On 23/11/2016 08:58, Francesco Chicchiriccò wrote:
Hi Sebb,
thanks to the latest modifications, I was able to successfully
complete the mbox import despite of failing that specific message's
attachment.
Forgot to report the error message:
Error ''ascii' codec can't encode character '\ufffd' in position 3657:
ordinal not in range(128)' processing id
a01fd40ed66aeaa9580a5becb12296b612e51cbc41efa2da9e8bd2d8@1442210618@<syncope.tirasa.net>
msg <[email protected]>
Hence, I was able to isolate that message and put it in the attached
mbox: hope this will help you fixing.
Thanks for your support.
Regards.
On 22/11/2016 17:23, sebb wrote:
It looks like the problem is that the message header says that the
charset=us-ascii but the text is actually in a different encoding.
The same messages do not cause problems for the archiver.
I think that's because the archiver reads the entire message into a
string first using UTF-8, and the mail is parsed from the string, not
directly from a file.
The string has been cleansed of encoding issues.

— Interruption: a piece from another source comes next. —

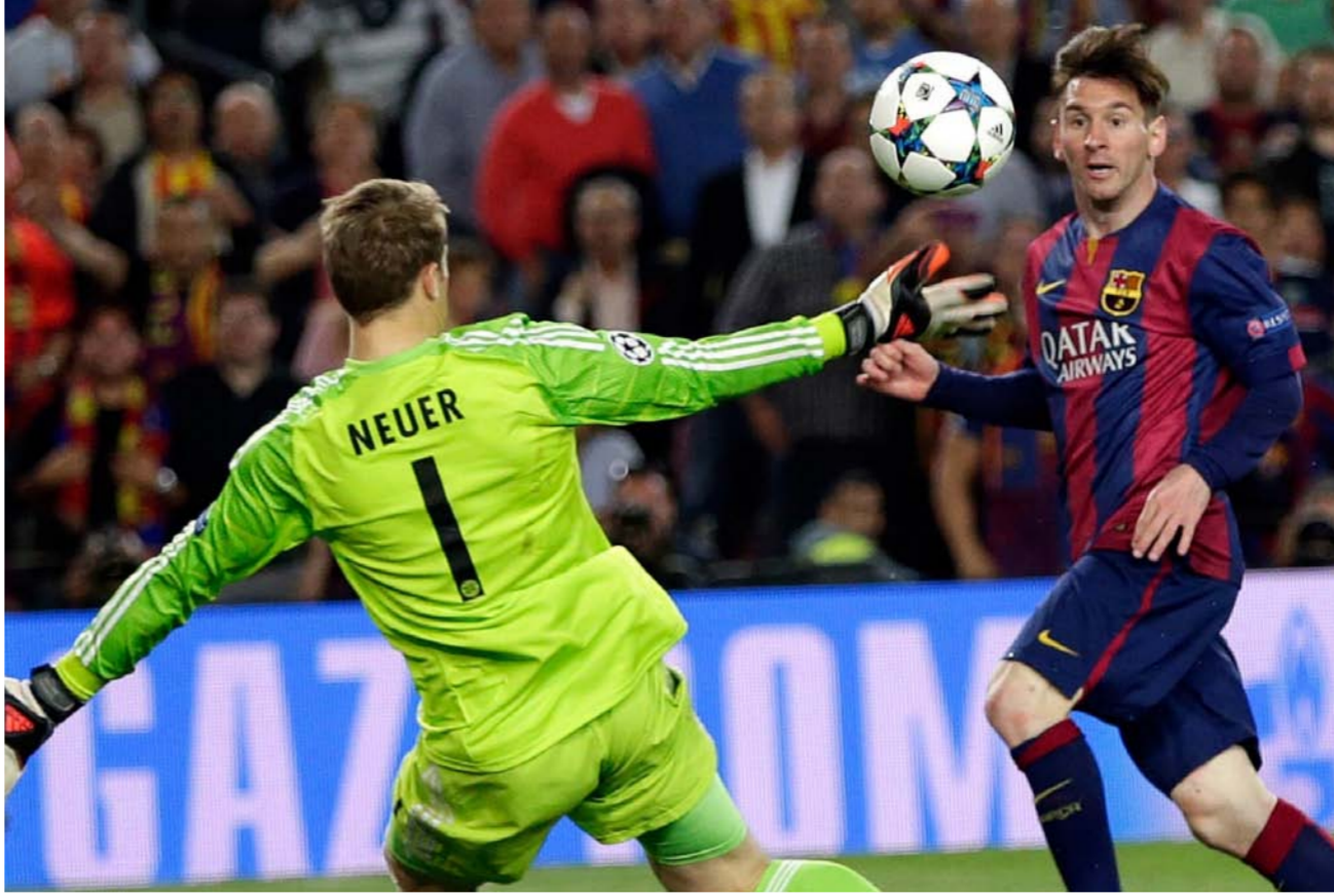
ميسي ضد بايرن ميونخ في لقاء سابق

يعبر البلوجرانا ويتوج باللقب في نهاية المطاف. أما ثالث مواجهة كانت كارثية على ميسي ورفاقه. في موسم (2012-2013). بالدور نصف

A work-round for import-mbox is to invoke:
message.set_charset(None)
just before the as_string(), because that skips any encoding of the
payload.
But I don't think that's a long-term solution.
On 22 November 2016 at 15:47, sebb <[email protected]> wrote:
These are the file names:
00439.982a2ff6189badfe70c2fe3c972466a2
02472.5c879dd55c3d4171e1787e8529bbd7e1
On 22 November 2016 at 15:42, sebb <[email protected]> wrote:
OK, I've added a basic error report.
Note: I've since found the spamassassin e-mail corpus, and a couple of
the easy_ham mails look as though they have the same problem.

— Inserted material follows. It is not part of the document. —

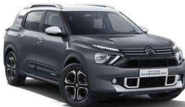
PLATINUM GREY BODY WITH POLAR WHITE ROOF

I'm about to start investigastions.
On 22 November 2016 at 12:46, Francesco Chicchiriccò
<[email protected]> wrote:
On 22/11/2016 10:16, sebb wrote:
Sorry about that, I decided to change the thread id to its name and
did not change all the references.
Should be OK now.
Yes, I confirm it is (getting the original exception).

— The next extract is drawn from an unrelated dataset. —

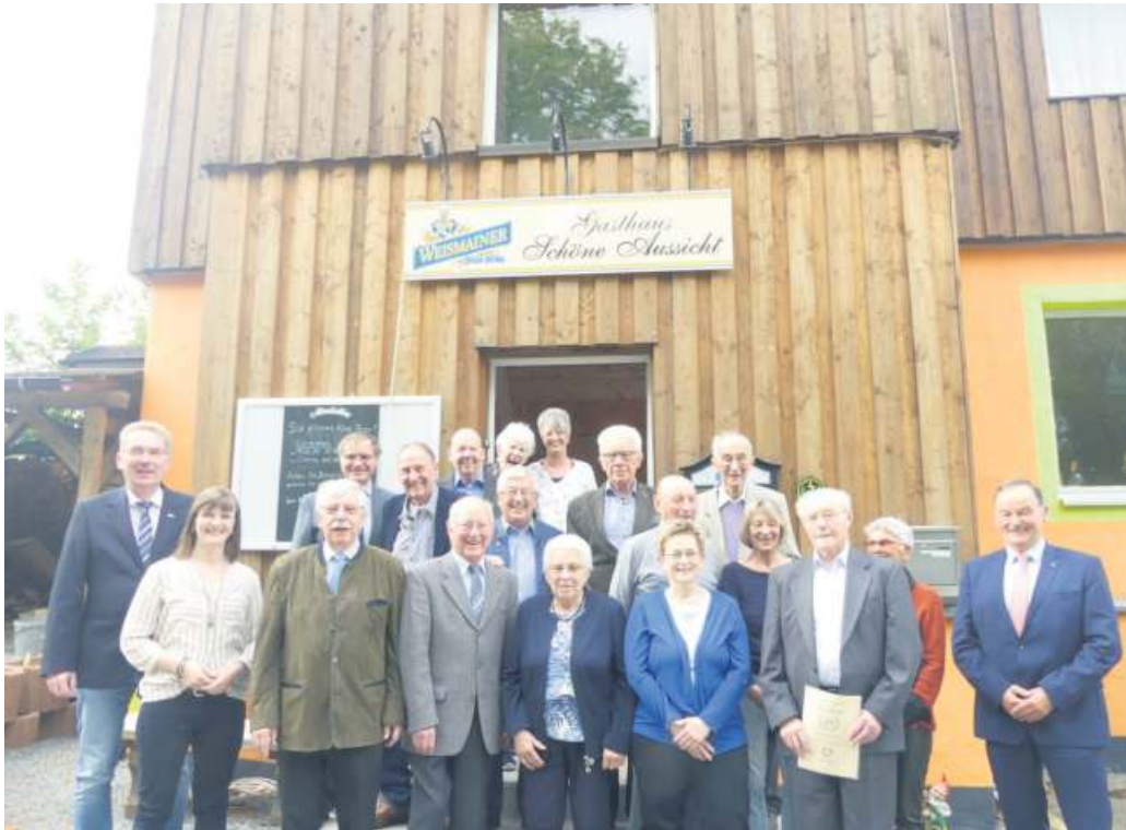
A Große Feier zum 25-jährigen Jubiläum des Reha-Sportvereins Bad Steben.

Going back to the original encoding issue: I have tried and
failed to
reproduce it.
Can you find out which mbox caused the problem so I can take a look?
I know which mbox is causing the problem, but it's a private
mailing list,
so I'd rather be safer to extract the troublesome message into a
separate
mbox, possibly by changing some bits to avoid unwanted disclosures.
Is there an easy way to add some debug statement about which
message is
actually the one causing troubles?
FYI at the moment the stacktrace is
Traceback (most recent call last):
File "/usr/lib/python3.5/threading.py", line 914, in
_bootstrap_inner
self.run()
File "import-mbox.py", line 295, in run
'source': message.as_string()
File "/usr/lib/python3.5/email/message.py", line 159, in as_string
g.flatten(self, unixfrom=unixfrom)
File "/usr/lib/python3.5/email/generator.py", line 115, in flatten
self._write(msg)
File "/usr/lib/python3.5/email/generator.py", line 181, in _write
self._dispatch(msg)
File "/usr/lib/python3.5/email/generator.py", line 214, in
_dispatch
meth(msg)
File "/usr/lib/python3.5/email/generator.py", line 243, in
_handle_text
msg.set_payload(payload, charset)
File "/usr/lib/python3.5/email/message.py", line 316, in
set_payload
payload = payload.encode(charset.output_charset)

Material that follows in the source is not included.